I'm quite upset about the fact, that there seem to be no restart points in minirosetta 3.46 (or whatever these points are called).

I do the number crunching on my office laptop and on my home pc. On the office laptop I get tasks, that have an estimated run time of 7 hours. Since I also have other projects in BOINC than rosetta@home, you can easily figure out, that the effecive run time is far longer than 7 hours.

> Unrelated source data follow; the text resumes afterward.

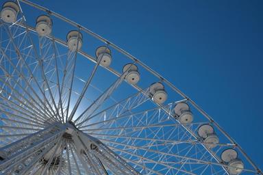 Keywords: ferris wheel fair fun amusement entertainment round sky carousel attraction blue high childhood sun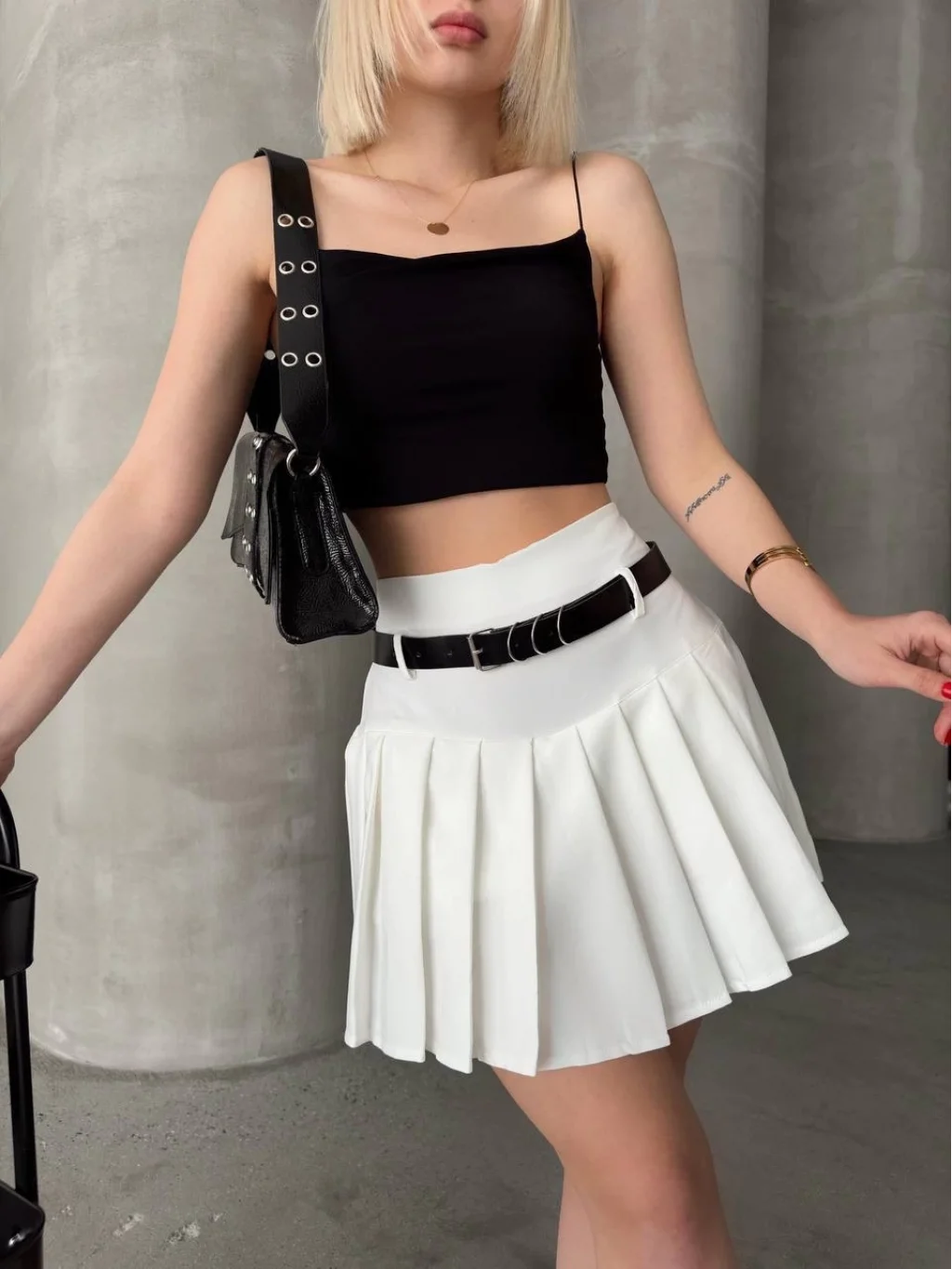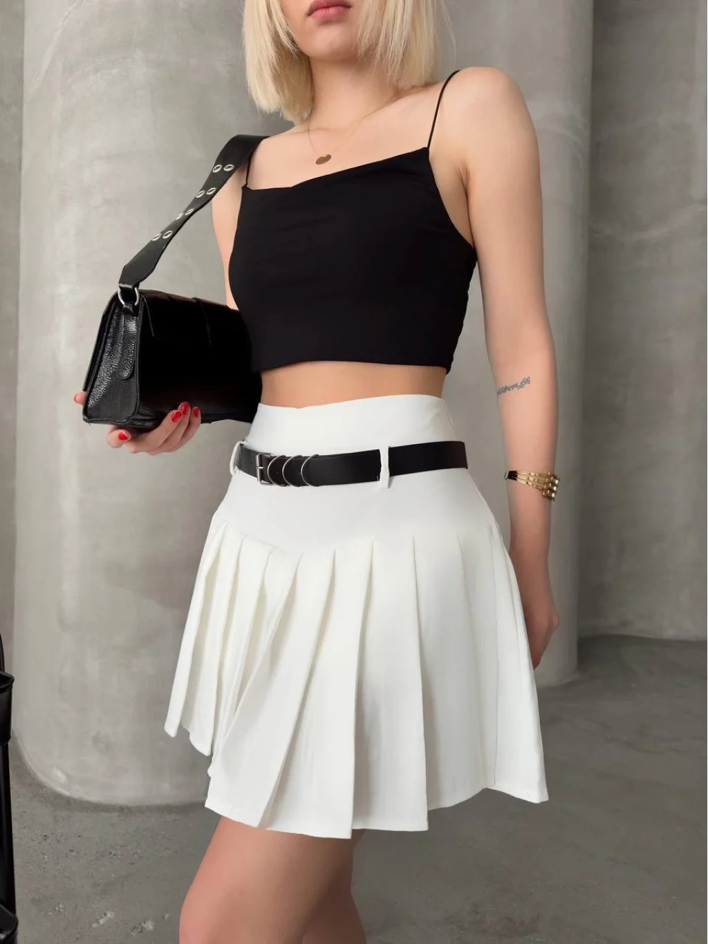 Kemerli pikseli şort etek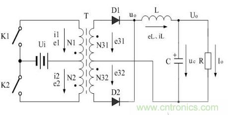 它的兩個(gè)開關(guān)器件有一個(gè)公共接地端,相對于半橋式或全橋式開關(guān)電源來說,驅(qū)動(dòng)電路要簡單很多,這也是一個(gè)優(yōu)點(diǎn)。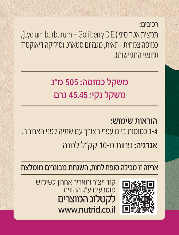 המידע שלפניך הינו מידע מקצועי מבוסס מחקרית לצרכי העשרה המתייחס לרכיבים בצורתם הטבעית ואינו מתייחס לתוסף תזונה זה או אחר.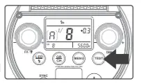 To fire the flash without taking a picture, press the test button. It can also help adjust the flash output and light brightness when combined with the light brightness adjustment button. Hold down the light brightness and turn on the light, the version will be displayed on the LCD panel and this operation can also be used to restore factory setting.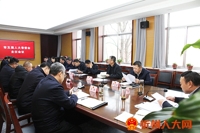 会议听取了市五届人大常委会第三十一次会议建议议程、日程的汇报;听取了市五届人大常委会第三十次会议形成的关于《2024年度市级国有自然资源资产管理情况专项报告》的审议意见、关于整治群众身边不正之风和腐败问题工作情况报告的审议意见、关于《忻州市滹沱河流域生态修复与保护条例》执法检查报告的审议意见、关于全市对外经济工作情况报告的审议意见的汇报;听取了市人民政府关于2025年市本级预算调整方案(草案)报告和预算工委审查结果报告、关于2024年市本级预算执行和其他财政收支审计查出问题整改情况的报告和预算工委督查报告、关于全市乡村振兴工作情况的报告、关于全市安全生产情况的报告、关于科技创新工作情况的报告及市人大调研报告准备情况的汇报;听取了市人大常委会关于安全生产“一法一条例”执法检查报告准备情况的汇报;听取了市中级人民法院关于全市法院深入推进矛盾纠纷多元化解工作情况的报告准备情况的汇报;听取了规范性文件备案审查工作情况的报告准备情况的汇报;听取了市五届人大五次会议代表建议办理情况报告准备情况的汇报;听取了忻州市人民代表大会常务委员会关于召开忻州市第五届人民代表大会第六次会议的决定(草案)的汇报;听取了市五届人大常委会2026年立法计划(草案)及市人大常委会立法后评估办法(草案)的汇报;听取了人事任免事项的汇报,并对相关内容进行了讨论研究。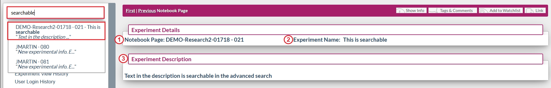 The Quick Search bar is located at the top of the left-hand navigation bar, as outlined in red in the screenshot below. By using this, you can search experiments by the contents of the Experiment’s (1) Notebook Page, (2) Experiment Name or (3) Experiment Description.

Now when I finish my work after 8 or 9 hours, I shutdown the office laptop. This leads to the fact, that all the hours spent for the calculation of the minirosetta project are wasted, because the task still has an estimated time left of 2 or 3 hours. The next day, the task starts again from scratch, and the task can never be completed.

Hey, what's the problem here? I remember that this was a point of discussions already 2 or 3 YEARS ago, and nothing happened? Isn't it possible to define some points where an intermediate result is saved, and from where a restart is possible? If not, then please make the WUs smaller. An estimated run time of 7 hours without having any intermediate saving point does not make any sense!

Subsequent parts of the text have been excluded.